ACe mardi soir, voilà un conseil municipal de Castres (Tarn) qui ressemblait davantage à un tour de chauffe électoral qu’à un exercice comptable. À quatre mois des élections municipales, pour ce débat d’orientation budgétaire, élus et candidats n’ont pas seulement égrené des chiffres : ils ont posé leurs premiers jalons, affûté leurs arguments et ajusté leurs trajectoires en vue de l’échéance de mars 2026. Dans la salle, l’ambiance avait des airs de rentrée de campagne, sous les regards attentifs d’autres prétendants à l’hôtel de ville comme Ariane Rosenau et Sahel Beriouni-Poitevineau venus ressentir l’atmosphère et jauger leurs futurs adversaires.


Face au maire Pascal Bugis et au conseiller municipal de la majorité, Arnaud Bousquet, l’opposition n’a pas manqué l’occasion d’ouvrir le bal des artifices. Guillaume Arcèse, à nouveau candidat comme en 2020, s’est appuyé sur les comparaisons entre villes de même strate pour décocher ses flèches : dette par habitant largement supérieure, subventions en berne, investissements en recul. "Castres investit moins, et c’est logique qu’elle obtienne moins d’aides. Mais pourquoi sommes-nous à ce point décrochés des autres ?", interroge-t-il, chiffres à l’appui. De quoi donner le ton dès les premières minutes.

Le maire, coutumier des joutes budgétaires, n’a pas laissé passer. "Si nous investissons moins, nous avons moins de subventions. C’est mécanique. Les arbitrages, c’est nous qui devons les faire", a-t-il répondu, rappelant pêle-mêle "l’inflation, la hausse du point d’indice et le coût de l’énergie" pour justifier les choix financiers de la collectivité, taclant au passage une opposition accusée de "redécouvrir soudainement le contexte national". Le dernier rapport, cinglant, de la Chambre régionale des comptes était bien sûr dans toutes les têtes. "Je n’ai jamais eu pour ambition de laisser la ville comme nous l’avions trouvée. Et ça ne nous a pas emmenés dans le mur !", pointait avec assurance Pascal Bugis.
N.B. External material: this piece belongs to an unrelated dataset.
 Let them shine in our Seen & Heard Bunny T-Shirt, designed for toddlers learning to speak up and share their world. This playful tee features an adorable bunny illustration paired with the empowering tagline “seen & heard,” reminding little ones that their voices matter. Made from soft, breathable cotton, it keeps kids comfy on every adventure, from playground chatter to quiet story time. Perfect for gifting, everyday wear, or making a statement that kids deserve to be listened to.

Bories silencieux, Bousquet en avocat de la majorité


À gauche, André Martinez a élargi le spectre : baisse des dotations d’État, vieillissement de la population, équipements vieillissants, enjeux climatiques insuffisamment pris en compte. Une vision plus globale, mais tout aussi critique : "Le parc de Gourjade vieillit, les écoles souffrent de la chaleur en juin, les médecins partent…" Liste longue et soupirs non masqués.
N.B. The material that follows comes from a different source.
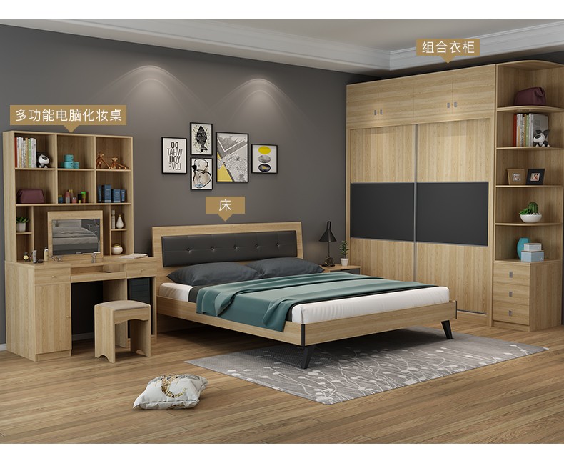 ケイモン豪創北欧板式ダブルスベッド現代简约主臥婚ベド小型1.8 m経済型ソフトベドAモデルフレームベトド(浅胡桃色)1.8*2.0メートルベトド+8022カートン+1つナイトレット+1つ
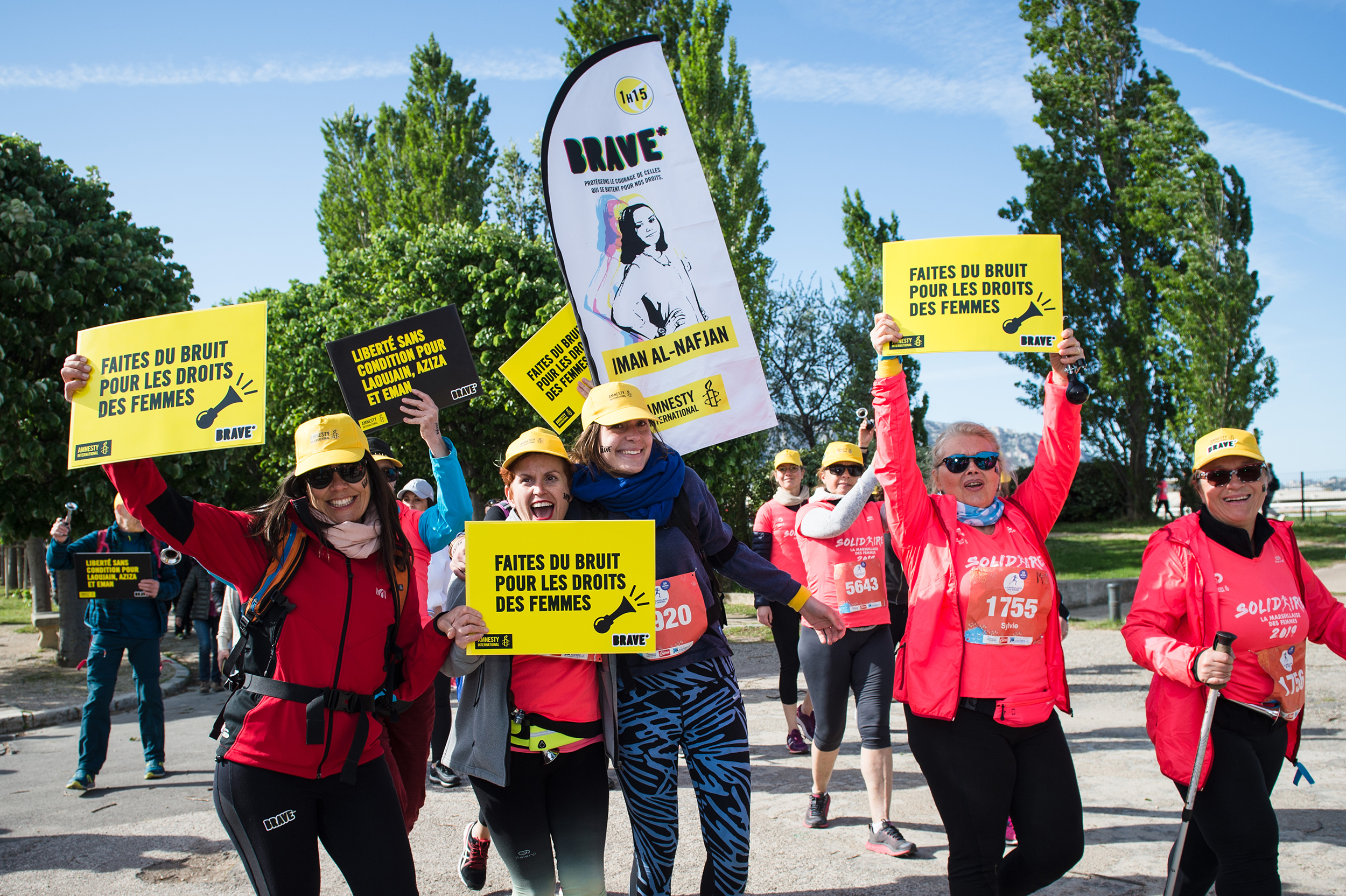 Cette année, lors de la course, nous avons mis en avant le cas de trois militantes d’Arabie saoudite qui ont été injustement emprisonnées pour avoir défendu le droit des femmes à conduire.

Puis ce fut au tour d’une autre figure de la gauche, Martine Daste-Moron, de dénoncer une "gestion prudente mais sans ambition", pointant une épargne en recul, une dette "parmi les plus élevées de la région" et une masse salariale dont la baisse interroge : "Quels services disparaissent ?" Lorsque le maire lui répond que la ville n’a "jamais prétendu baisser les impôts en valeur absolue, mais maîtriser leur évolution", elle insiste, dénonçant une mesure de communication : "Les Castrais paient plus, malgré la baisse des taux."


La gauche observe, Arcèse déjà sur le ring

Tandis que Xavier Bories restait silencieux, Arnaud Bousquet, lui, a défendu le bilan de la majorité : une "trajectoire logique" et un budget "d’accompagnement du quotidien", citant les projets de voies douces, la réhabilitation des stades du Travet et du Rey ou encore la vaste opération de transformation du quartier de Laden. "Trois projets cyclables dans le même DOB, c’est inédit", souligne-t-il, avant de rappeler les cofinancements obtenus : "On nous reprochait de ne pas aller chercher d’aides. Maintenant qu’on le fait, on nous reproche d’en être dépendants."
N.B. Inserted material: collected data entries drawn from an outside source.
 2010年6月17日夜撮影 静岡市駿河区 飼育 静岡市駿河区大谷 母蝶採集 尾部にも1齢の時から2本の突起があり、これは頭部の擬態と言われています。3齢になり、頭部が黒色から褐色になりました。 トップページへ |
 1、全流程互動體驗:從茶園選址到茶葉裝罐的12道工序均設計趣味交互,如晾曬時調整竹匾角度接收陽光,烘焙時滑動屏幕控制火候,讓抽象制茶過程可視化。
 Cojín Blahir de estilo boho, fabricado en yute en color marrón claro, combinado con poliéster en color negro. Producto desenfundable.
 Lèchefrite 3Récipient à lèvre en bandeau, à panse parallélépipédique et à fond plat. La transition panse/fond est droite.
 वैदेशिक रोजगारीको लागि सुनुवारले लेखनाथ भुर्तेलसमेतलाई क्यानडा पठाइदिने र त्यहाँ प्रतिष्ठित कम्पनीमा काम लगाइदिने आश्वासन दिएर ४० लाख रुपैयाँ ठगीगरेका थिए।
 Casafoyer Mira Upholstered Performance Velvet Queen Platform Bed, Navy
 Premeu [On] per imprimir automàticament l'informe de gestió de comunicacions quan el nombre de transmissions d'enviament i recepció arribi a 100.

Autre point : la controverse autour des travaux prévus au stade du Rey. "Comment peut-on passer de 500 000 euros à plus d’un million en sept mois ?", s’est exclamé un Guillaume Arcèse acharné. Le maire, lui, y voit "l’illustration de la complexité des projets modernes" et invite l’opposition à regarder "les matchs où tout se joue dans les dernières minutes". Manière d’admettre que les opérations se bouclent souvent en fin de mandat, comme un défi lancé ou relevé avant l’heure des bilans.

Dans les rangs du public, les autres candidats prenaient des notes. Derrière les lignes budgétaires, chacun ajustait déjà ses arguments. Sauf le RN, où le candidat Florian Azéma manquait à l’appel. Ce débat d’orientation budgétaire a donc pris des accents de pré-campagne : la bataille des chiffres annonce celle des idées. La campagne n’a pas encore commencé que les hostilités, elles, semblent bien lancées.